OOps, missed this 1. Good call by reviving it! I usually transfer to secondary at an SG of around 1.030 and remove any fruit between 7-10 days to make sure the fruit does not go bad. As far as the wine in secondary I typically wait till the wine is done fermenting then rack off as these lees arent as bad and can actually improve your wines mouthfeel and body. Fruit wines can ferment faster or slower and typically fruits that ferment slower are either caused by cooler temps or sometimes not enough food for the yeasties to eat. If you are at cooler temps then this can actually benefit your wine and let the fruit taste not be hidden so much by a fast fermentation. If its due to lack of nutrient then you might want to add some more nutrient to keep it plugging along. Some yeasts do require more nutrient then others such as red Star Montrachet and Lalvin RC 212. They have a tendency to throw off a sulfur smell when stressed due to lack of nutrient. Did you add both nutrient and energizer to these batches in the beginning? Nutrient and energizer are not the same thing so if you added 1 and not the other you may be starving your yeast of nitrogen or other nutrients that the yeast desperately needs to do its thing.

*Edited by: wade *


----------



## Doober (Aug 31, 2008)

i did add food and actually doubled the energizer on accident, just wasn't thinkin


----------



## Wade E (Aug 31, 2008)

Fruit wines almost always take a lot longer then a kit would so dont try and time it like a kit. As long as its fermenting dont worry.


----------



## Doober (Sep 3, 2008)

my blackberry has been in the primary for5 days and cleared nicely with the gross lees on the bottom and then the next day, there is a thick layer of what looks like jello and lees mixed together on the surface of the wine.
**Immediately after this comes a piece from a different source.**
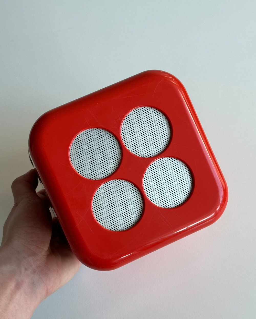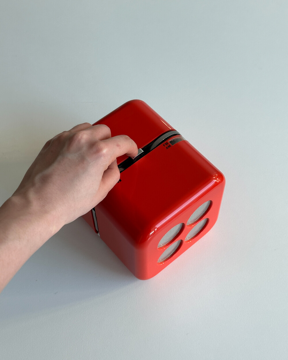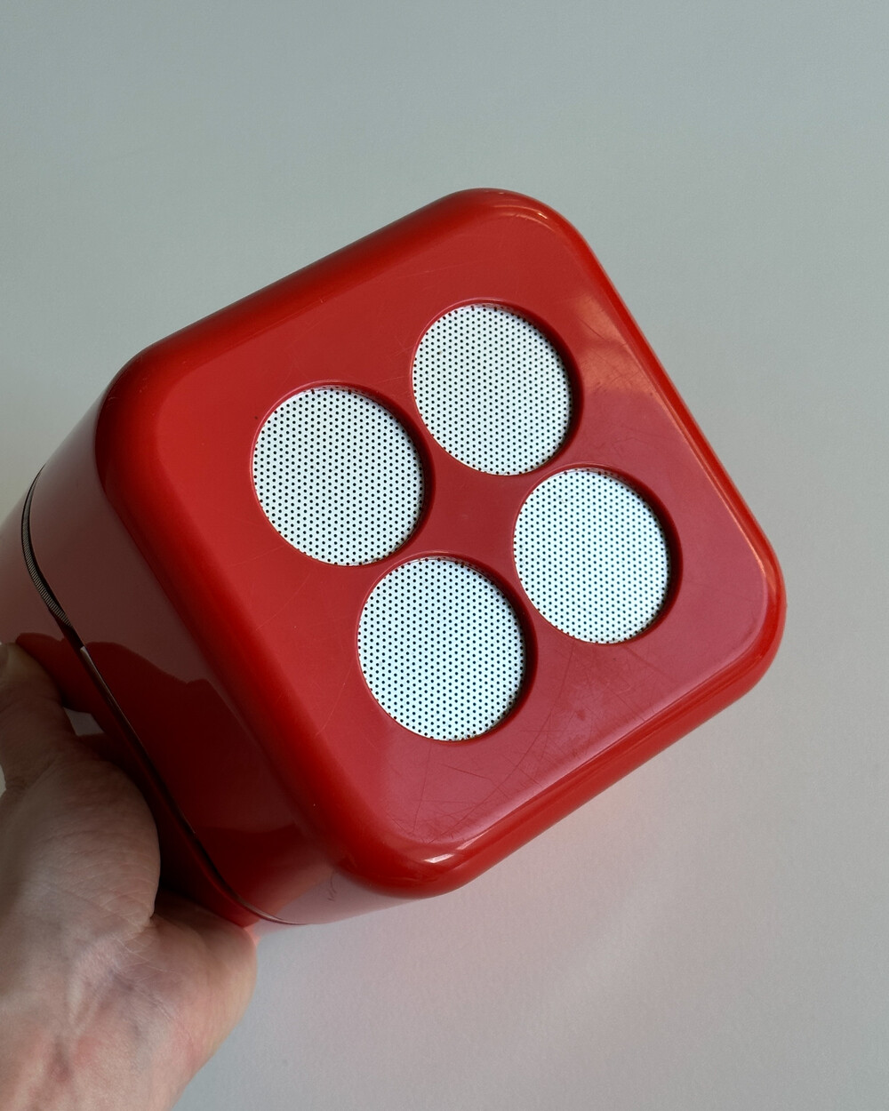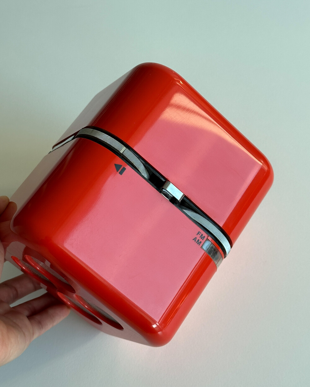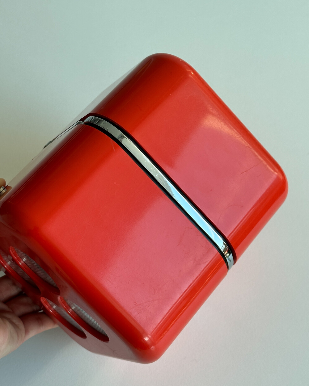 1970년도 SIEMENS 사에서 생산되었던 큐브 라디오Alpha 2입니다. 기술력과 함께 실용성과 조형적 가치 모두를 갖춘 희소한 아이템으로, 세계적인 산업디자이너 마리오 벨리니(Mario Bellini)에 의해 디자인되었습니다. 부드럽게 라운딩 처리된 정육면체 실루엣과 전면의 4개 스피커 그릴, 강렬한 레드 컬러 바디는 당시 스페이스 에이지 디자인의 미학을 잘 보여줍니다. 실사용 오디오 기기이자 디자인 오브제로서의 가치를 동시에 지니고 있습니다.

This only happened in the smaller 1 gallon jugs. it doesn't smell bad. what can it be, and what should i do? i can get a picture on here later if you want.


----------



## Wade E (Sep 3, 2008)

I think a pic is needed for this. Did you use pectic enzyme as it sounds like pectin, if so was the enzyme fresh?


----------



## Doober (Sep 3, 2008)

here are the pics


----------



## Wade E (Sep 3, 2008)

Did you degas this wine good in all carboys. Im not sure if thats the problem but sometimes if not degassed well the gas will actually suspend all sediment at the top instead of sinking to bottom. Uther then that it could be pectin or even worse a bacteria forming from maybe not sanitizing your gallon jug well.


----------



## grapeman (Sep 3, 2008)

Did you rack that in the gallon jug last? It may just be pulp left from the blackberry that is floating from suspended C02.


----------



## Doober (Sep 3, 2008)

there are 2 jugs and a wine bottle that are like this. i cleaned, scrubed, and sanitized them all. they were the last containers that i racked into.


----------



## Wade E (Sep 3, 2008)

Im guessing that it is racked sediment that is stuck in suspension from C02. Try degassing which will stir it up and then it should settle at the bottom.


----------



## Doober (Sep 3, 2008)

ill try that


----------



## Doober (Sep 4, 2008)

the "pulp" settled and know it happened in the large carboy but i stirred that too. should i top up the carboy and jugs now or wait till fermentation has ended? if so, should i rack the smaller bottles and use that to top up?


----------



## Wade E (Sep 4, 2008)

I would wait till it is done fermenting and must say that I thought it was done fermenting or I would not have even worried about it as fermentation does that, sort of like a lava lamp. Let it finish fermenting then rack off sediment and top up then. At that point you will either want to add fining agents which will require a little haed space for degassing 1st and then for the fining agents to fit in or you could just let time do its thing which will still require degassing for it to settle at the bottom.


----------



## Doober (Sep 4, 2008)

thanks again wade


----------



## Guest (Sep 7, 2008)

Doober:


For future reference, you can search out these postings by fruitfor other peoples postings on how their wines went.
This will often times save you time and anxiety by reading about other peoples mistakes before you make them all over again.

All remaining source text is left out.